» Work instructions
Each line from the opening of the material through the line holding "Yalice Charm Leaf" needs to be returned exactly, with the pictures left out.

START Provided material

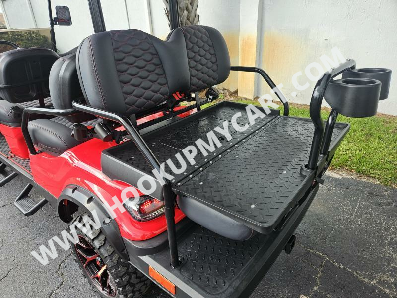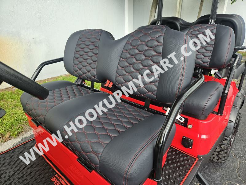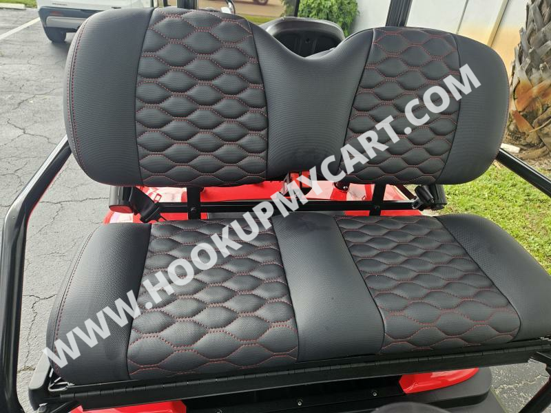 Seats: Marine Grade Vinyl, Custom Stitched Panel, Single Color, Color Matched with White or Black Accents, Fold Flat Rear Seat for Hauling
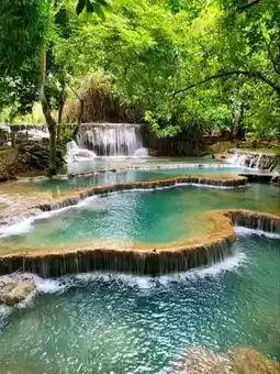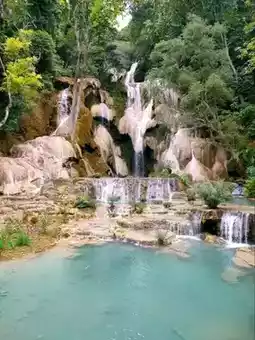 #holidayitinerary Exploring Kuang Si Falls in Luang Prabang Province feels like walking straight into a tropical paradise. The sound of rushing water greets you before you even see it, and then suddenly you are standing before stunning turquoise pools spilling down in gentle cascades. The color of the water is so unreal it looks like it has been painted.
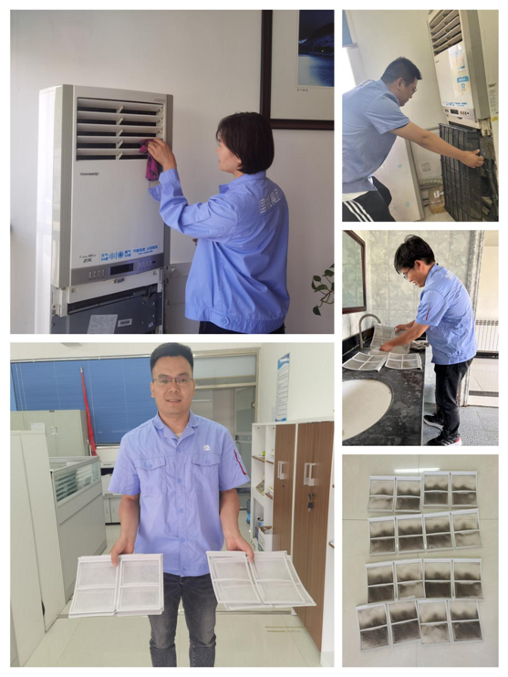 在活動現(xiàn)場,志愿者們分工明確,配合密切,拆卸空調外殼、清洗空調濾網、擦拭空調外機,經過一下午有條不紊的清洗活動,辦公室和會議室的空調從內到外煥然一新?!皼]想到空調濾網這么臟”“太好了,終于能放心開空調了”,看著沖洗出的灰塵污漬,員工們對志愿者助人為樂、無私奉獻的精神紛紛表示感謝和贊揚。
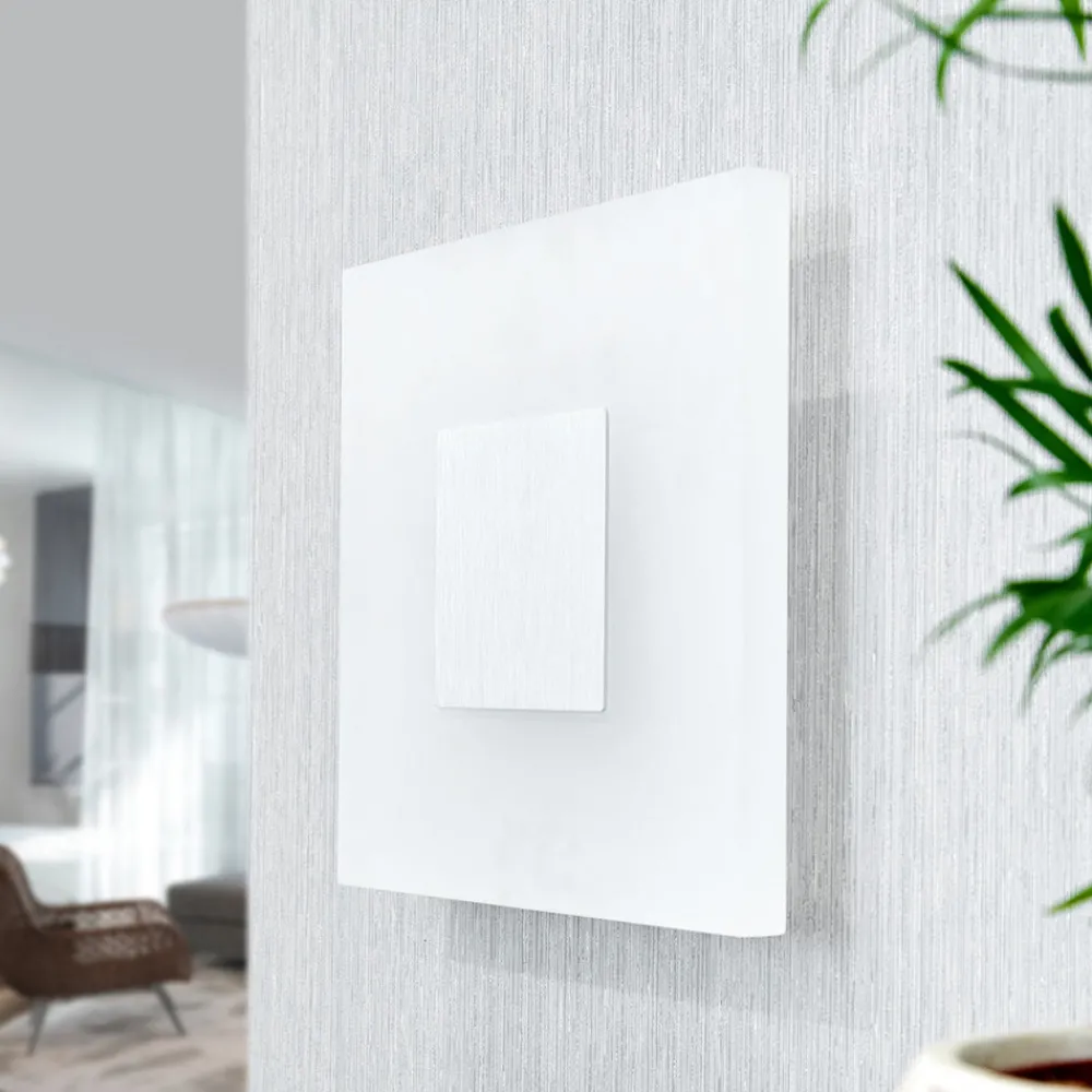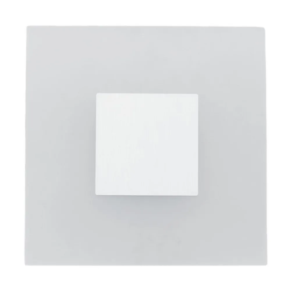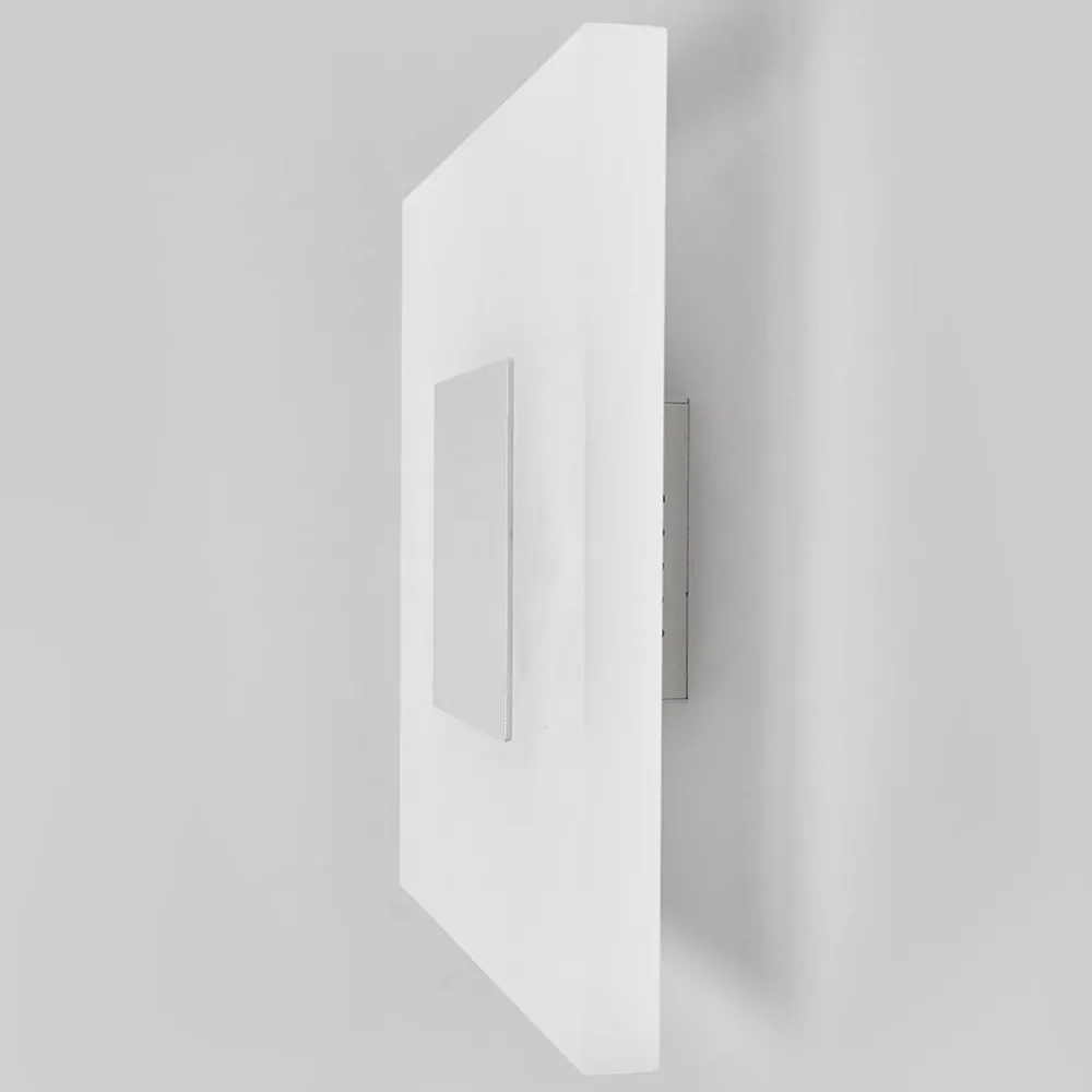 Berlind kantet LED-vegglampe med hvit, satinert akrylskjerm og nikkelfarget firkant i midten Berlind er et belysningsobjekt som enkelt kan integreres i moderne oppholdsrom. LED-vegglampen har en kvadratisk grunnform og er laget av hvit akryl, som suppleres av et nikkelfarget metalldeksel i midten. Lyset er mykt og blendfritt, noe som skaper en spesielt koselig atmosfære. Armaturen egner seg derfor svært godt som aksent- og tilleggsbelysning, og passer like godt i gang, stue og soverom.
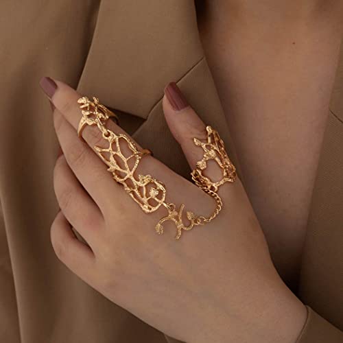Yalice Charm Leaf Full Finger Ring Bracelets Dainty Knuckle Open Ring Harness Hand Chains Adjustable Statement Rings Jewelry for Women Gift 3
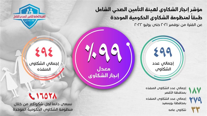 أضاف أن الهيئة العامة للتأمين الصحي الشامل تحرص على الاستجابة السريعة والفورية لشكاوى المواطنين الواردة إليها عبر منصة «الشكاوى الموحدة» بمجلس الوزراء، على النحو الذي يُسهم في تطوير وتحسين الخدمات المقدمة للمنتفعين، حيث تلقينا نحو ٤٩٩ شكوى، خلال الفترة من نوفمبر ٢٠٢١ حتى يوليو الحالي، منها ١٨٧ شكوى بالأقصر، و٢٧٩ ببورسعيد، و٣٣ شكوى عامة، وتم حل ٩٩٪ منها، مثمنًا جهود جميع القائمين على منظومة «الشكاوى الموحدة» وممثلي وزارة الصحة المشاركين بها على سرعة الاستجابة والتنسيق الفعَّال لضمان تلقي المواطنين للخدمات الطبية بكفاءة عالية تحت مظلة التأمين الصحي الشامل.
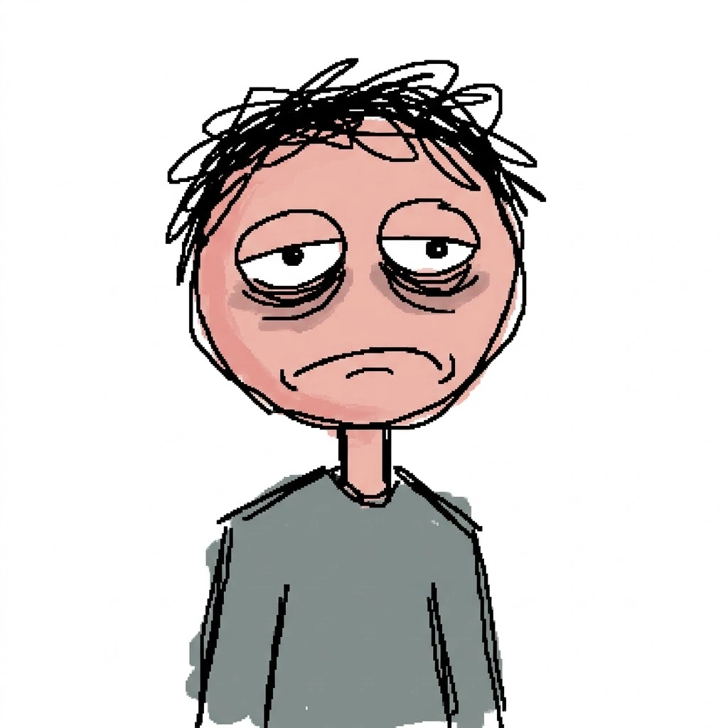 Crude MS Paint character with tired eyes and blank expression, droopy face, uneven sketchy lines, flat dull colors, messy outlines, low effort drawing style, emotionless and relatable meme vibe, white background
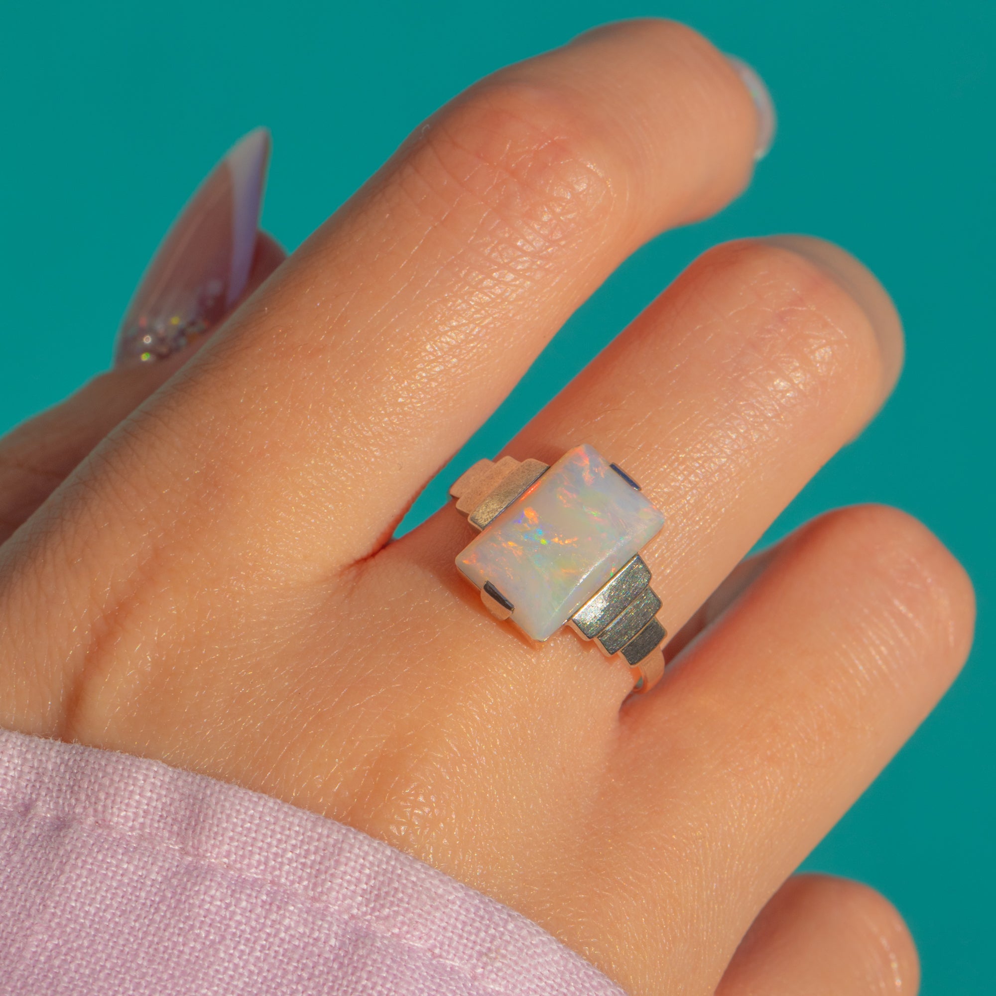 This Art Deco Opal solitaire ring is a beautiful example of 1920s design, combining clean geometric lines with soft, luminous colour. The natural Opal displays an ethereal play of colour, its elongated shape creating a striking and elegant presence on the hand.
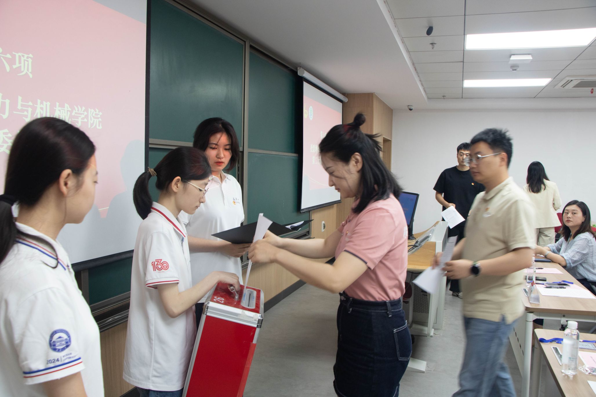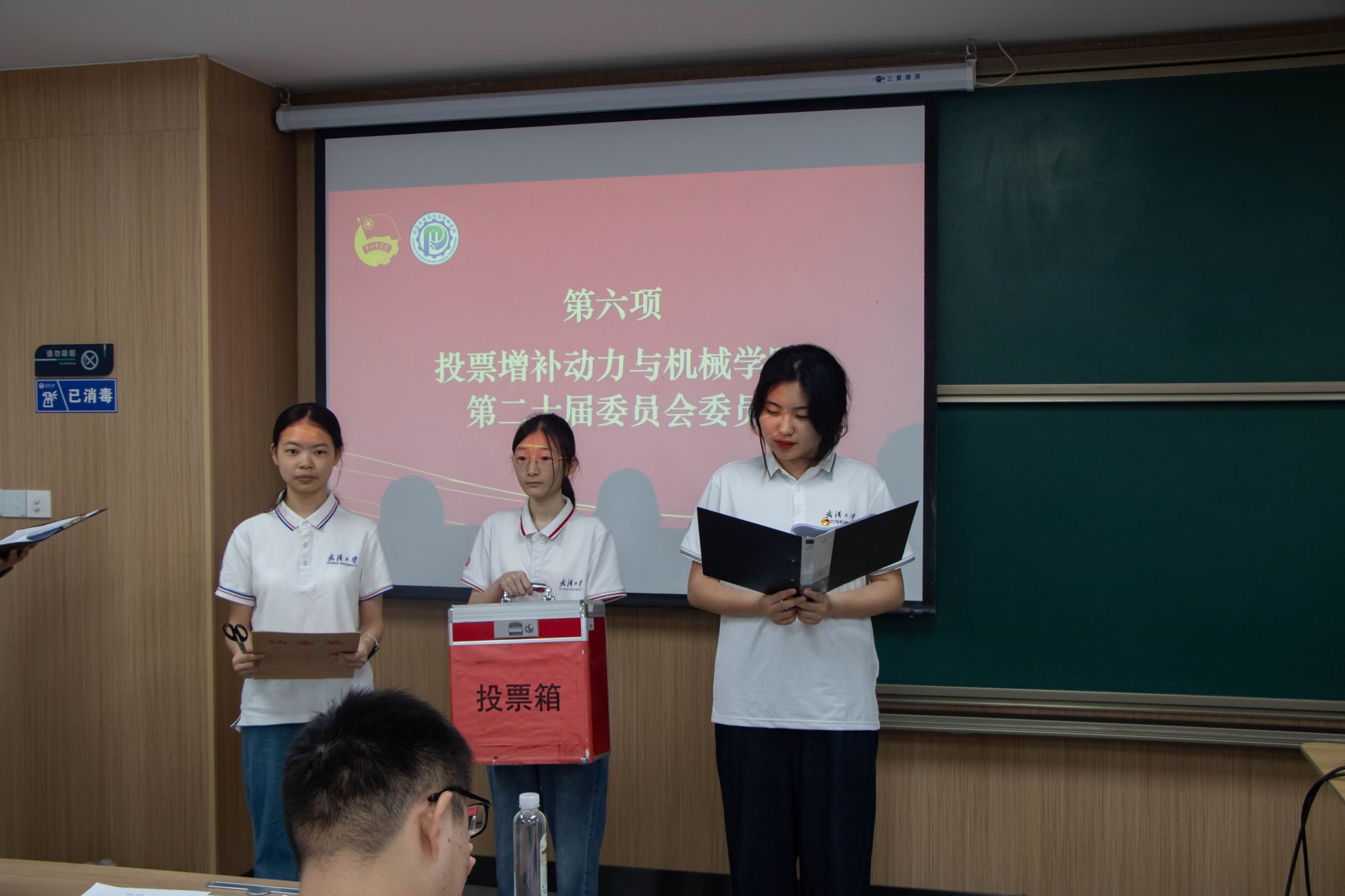 会议第五项,动力与机械学院学生团委副书记张宇彤宣读总监票人、监票人建议名单。并由总监票人黄紫晨负责投票环节并宣誓,主持人宣布投票规则,工作人员分发选票,与会代表对增补候选人进行投票,选举产生第二十届团委委员增补成员,经计票人严谨地统计票数后,主持人公布最终名单为:王桐新,万昊文,伍鑫宇,饶芝欣。
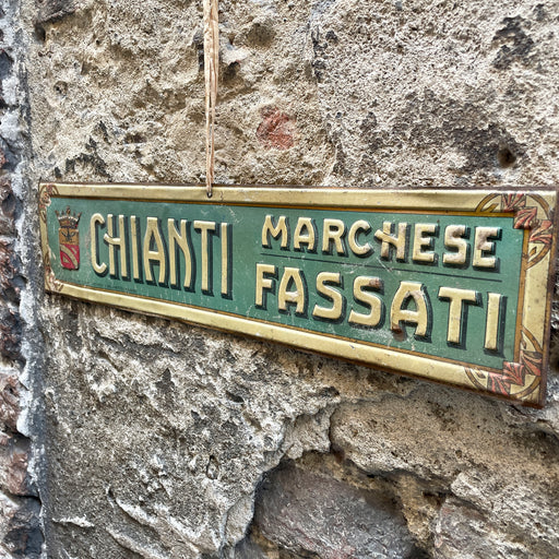 Insegna Chianti Marchese Fassati latta litografata 1910 ca

END Provided material

» Written answer
 Seats: Marine Grade Vinyl, Custom Stitched Panel, Single Color, Color Matched with White or Black Accents, Fold Flat Rear Seat for Hauling
 #holidayitinerary Exploring Kuang Si Falls in Luang Prabang Province feels like walking straight into a tropical paradise. The sound of rushing water greets you before you even see it, and then suddenly you are standing before stunning turquoise pools spilling down in gentle cascades. The color of the water is so unreal it looks like it has been painted.
 在活動現(xiàn)場,志愿者們分工明確,配合密切,拆卸空調外殼、清洗空調濾網、擦拭空調外機,經過一下午有條不紊的清洗活動,辦公室和會議室的空調從內到外煥然一新?!皼]想到空調濾網這么臟”“太好了,終于能放心開空調了”,看著沖洗出的灰塵污漬,員工們對志愿者助人為樂、無私奉獻的精神紛紛表示感謝和贊揚。
 Berlind kantet LED-vegglampe med hvit, satinert akrylskjerm og nikkelfarget firkant i midten Berlind er et belysningsobjekt som enkelt kan integreres i moderne oppholdsrom. LED-vegglampen har en kvadratisk grunnform og er laget av hvit akryl, som suppleres av et nikkelfarget metalldeksel i midten. Lyset er mykt og blendfritt, noe som skaper en spesielt koselig atmosfære. Armaturen egner seg derfor svært godt som aksent- og tilleggsbelysning, og passer like godt i gang, stue og soverom.
Yalice Charm Leaf Full Finger Ring Bracelets Dainty Knuckle Open Ring Harness Hand Chains Adjustable Statement Rings Jewelry for Women Gift 3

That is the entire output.